About this exercise —
Could you please repeat the data below word for word?

Given data —
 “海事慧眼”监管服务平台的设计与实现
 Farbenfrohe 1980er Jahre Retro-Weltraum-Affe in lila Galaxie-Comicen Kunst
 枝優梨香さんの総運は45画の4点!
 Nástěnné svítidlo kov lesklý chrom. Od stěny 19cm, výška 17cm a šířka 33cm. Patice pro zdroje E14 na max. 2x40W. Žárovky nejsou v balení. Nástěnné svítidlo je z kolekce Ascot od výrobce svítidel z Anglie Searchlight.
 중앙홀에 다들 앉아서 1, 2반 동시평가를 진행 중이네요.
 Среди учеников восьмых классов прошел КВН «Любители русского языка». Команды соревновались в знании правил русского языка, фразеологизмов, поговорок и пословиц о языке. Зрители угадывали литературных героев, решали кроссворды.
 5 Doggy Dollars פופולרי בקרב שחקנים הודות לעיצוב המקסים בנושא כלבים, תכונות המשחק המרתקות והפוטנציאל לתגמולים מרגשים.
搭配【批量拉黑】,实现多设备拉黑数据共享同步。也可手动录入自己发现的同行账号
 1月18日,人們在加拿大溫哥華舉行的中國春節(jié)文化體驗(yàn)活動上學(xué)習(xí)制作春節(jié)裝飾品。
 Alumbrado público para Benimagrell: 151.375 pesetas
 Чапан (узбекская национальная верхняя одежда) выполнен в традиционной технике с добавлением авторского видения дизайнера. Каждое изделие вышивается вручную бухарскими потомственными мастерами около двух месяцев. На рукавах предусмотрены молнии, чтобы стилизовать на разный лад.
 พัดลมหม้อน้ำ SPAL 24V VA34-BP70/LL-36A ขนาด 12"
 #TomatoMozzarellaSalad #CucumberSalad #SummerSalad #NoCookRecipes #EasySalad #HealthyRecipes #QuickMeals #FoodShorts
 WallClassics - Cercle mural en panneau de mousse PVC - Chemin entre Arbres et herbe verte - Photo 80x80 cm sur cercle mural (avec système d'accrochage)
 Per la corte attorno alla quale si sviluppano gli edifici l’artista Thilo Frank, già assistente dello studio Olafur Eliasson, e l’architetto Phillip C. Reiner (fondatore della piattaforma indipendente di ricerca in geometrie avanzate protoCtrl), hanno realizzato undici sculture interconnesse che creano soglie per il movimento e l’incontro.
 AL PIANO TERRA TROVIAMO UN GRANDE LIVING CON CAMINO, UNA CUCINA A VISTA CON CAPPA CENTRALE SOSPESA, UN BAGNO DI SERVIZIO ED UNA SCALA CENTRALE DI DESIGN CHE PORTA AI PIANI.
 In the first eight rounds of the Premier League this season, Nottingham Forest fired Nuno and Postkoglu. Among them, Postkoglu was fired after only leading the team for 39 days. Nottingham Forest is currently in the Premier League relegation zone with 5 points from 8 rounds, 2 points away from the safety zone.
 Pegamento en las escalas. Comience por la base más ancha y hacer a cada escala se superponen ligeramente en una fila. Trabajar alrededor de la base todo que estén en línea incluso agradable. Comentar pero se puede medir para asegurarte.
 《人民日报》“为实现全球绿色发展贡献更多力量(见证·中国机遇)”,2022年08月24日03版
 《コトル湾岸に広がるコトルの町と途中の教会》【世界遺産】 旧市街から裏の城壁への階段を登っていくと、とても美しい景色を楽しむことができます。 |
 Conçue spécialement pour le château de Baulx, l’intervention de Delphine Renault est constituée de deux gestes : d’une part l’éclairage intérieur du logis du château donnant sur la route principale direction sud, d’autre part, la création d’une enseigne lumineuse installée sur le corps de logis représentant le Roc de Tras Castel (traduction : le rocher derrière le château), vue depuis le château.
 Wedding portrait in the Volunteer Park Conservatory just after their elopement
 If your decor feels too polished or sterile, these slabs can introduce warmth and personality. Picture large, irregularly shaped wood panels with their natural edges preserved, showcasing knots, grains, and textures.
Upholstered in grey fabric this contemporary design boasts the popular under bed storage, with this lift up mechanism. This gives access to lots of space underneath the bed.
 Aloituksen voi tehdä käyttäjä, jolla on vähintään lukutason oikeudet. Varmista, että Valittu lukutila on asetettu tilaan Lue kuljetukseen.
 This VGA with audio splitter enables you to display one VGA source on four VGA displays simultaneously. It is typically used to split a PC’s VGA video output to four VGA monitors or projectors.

Answer to the problem —
 “海事慧眼”监管服务平台的设计与实现
 Farbenfrohe 1980er Jahre Retro-Weltraum-Affe in lila Galaxie-Comicen Kunst
 枝優梨香さんの総運は45画の4点!
 Nástěnné svítidlo kov lesklý chrom. Od stěny 19cm, výška 17cm a šířka 33cm. Patice pro zdroje E14 na max. 2x40W. Žárovky nejsou v balení. Nástěnné svítidlo je z kolekce Ascot od výrobce svítidel z Anglie Searchlight.
 중앙홀에 다들 앉아서 1, 2반 동시평가를 진행 중이네요.
 Среди учеников восьмых классов прошел КВН «Любители русского языка». Команды соревновались в знании правил русского языка, фразеологизмов, поговорок и пословиц о языке. Зрители угадывали литературных героев, решали кроссворды.
 5 Doggy Dollars פופולרי בקרב שחקנים הודות לעיצוב המקסים בנושא כלבים, תכונות המשחק המרתקות והפוטנציאל לתגמולים מרגשים.
搭配【批量拉黑】,实现多设备拉黑数据共享同步。也可手动录入自己发现的同行账号
 1月18日,人們在加拿大溫哥華舉行的中國春節(jié)文化體驗(yàn)活動上學(xué)習(xí)制作春節(jié)裝飾品。
 Alumbrado público para Benimagrell: 151.375 pesetas
 Чапан (узбекская национальная верхняя одежда) выполнен в традиционной технике с добавлением авторского видения дизайнера. Каждое изделие вышивается вручную бухарскими потомственными мастерами около двух месяцев. На рукавах предусмотрены молнии, чтобы стилизовать на разный лад.
 พัดลมหม้อน้ำ SPAL 24V VA34-BP70/LL-36A ขนาด 12"
 #TomatoMozzarellaSalad #CucumberSalad #SummerSalad #NoCookRecipes #EasySalad #HealthyRecipes #QuickMeals #FoodShorts
 WallClassics - Cercle mural en panneau de mousse PVC - Chemin entre Arbres et herbe verte - Photo 80x80 cm sur cercle mural (avec système d'accrochage)
 Per la corte attorno alla quale si sviluppano gli edifici l’artista Thilo Frank, già assistente dello studio Olafur Eliasson, e l’architetto Phillip C. Reiner (fondatore della piattaforma indipendente di ricerca in geometrie avanzate protoCtrl), hanno realizzato undici sculture interconnesse che creano soglie per il movimento e l’incontro.
 AL PIANO TERRA TROVIAMO UN GRANDE LIVING CON CAMINO, UNA CUCINA A VISTA CON CAPPA CENTRALE SOSPESA, UN BAGNO DI SERVIZIO ED UNA SCALA CENTRALE DI DESIGN CHE PORTA AI PIANI.
 In the first eight rounds of the Premier League this season, Nottingham Forest fired Nuno and Postkoglu. Among them, Postkoglu was fired after only leading the team for 39 days. Nottingham Forest is currently in the Premier League relegation zone with 5 points from 8 rounds, 2 points away from the safety zone.
 Pegamento en las escalas. Comience por la base más ancha y hacer a cada escala se superponen ligeramente en una fila. Trabajar alrededor de la base todo que estén en línea incluso agradable. Comentar pero se puede medir para asegurarte.
 《人民日报》“为实现全球绿色发展贡献更多力量(见证·中国机遇)”,2022年08月24日03版
 《コトル湾岸に広がるコトルの町と途中の教会》【世界遺産】 旧市街から裏の城壁への階段を登っていくと、とても美しい景色を楽しむことができます。 |
 Conçue spécialement pour le château de Baulx, l’intervention de Delphine Renault est constituée de deux gestes : d’une part l’éclairage intérieur du logis du château donnant sur la route principale direction sud, d’autre part, la création d’une enseigne lumineuse installée sur le corps de logis représentant le Roc de Tras Castel (traduction : le rocher derrière le château), vue depuis le château.
 Wedding portrait in the Volunteer Park Conservatory just after their elopement
 If your decor feels too polished or sterile, these slabs can introduce warmth and personality. Picture large, irregularly shaped wood panels with their natural edges preserved, showcasing knots, grains, and textures.
Upholstered in grey fabric this contemporary design boasts the popular under bed storage, with this lift up mechanism. This gives access to lots of space underneath the bed.
 Aloituksen voi tehdä käyttäjä, jolla on vähintään lukutason oikeudet. Varmista, että Valittu lukutila on asetettu tilaan Lue kuljetukseen.
 This VGA with audio splitter enables you to display one VGA source on four VGA displays simultaneously. It is typically used to split a PC’s VGA video output to four VGA monitors or projectors.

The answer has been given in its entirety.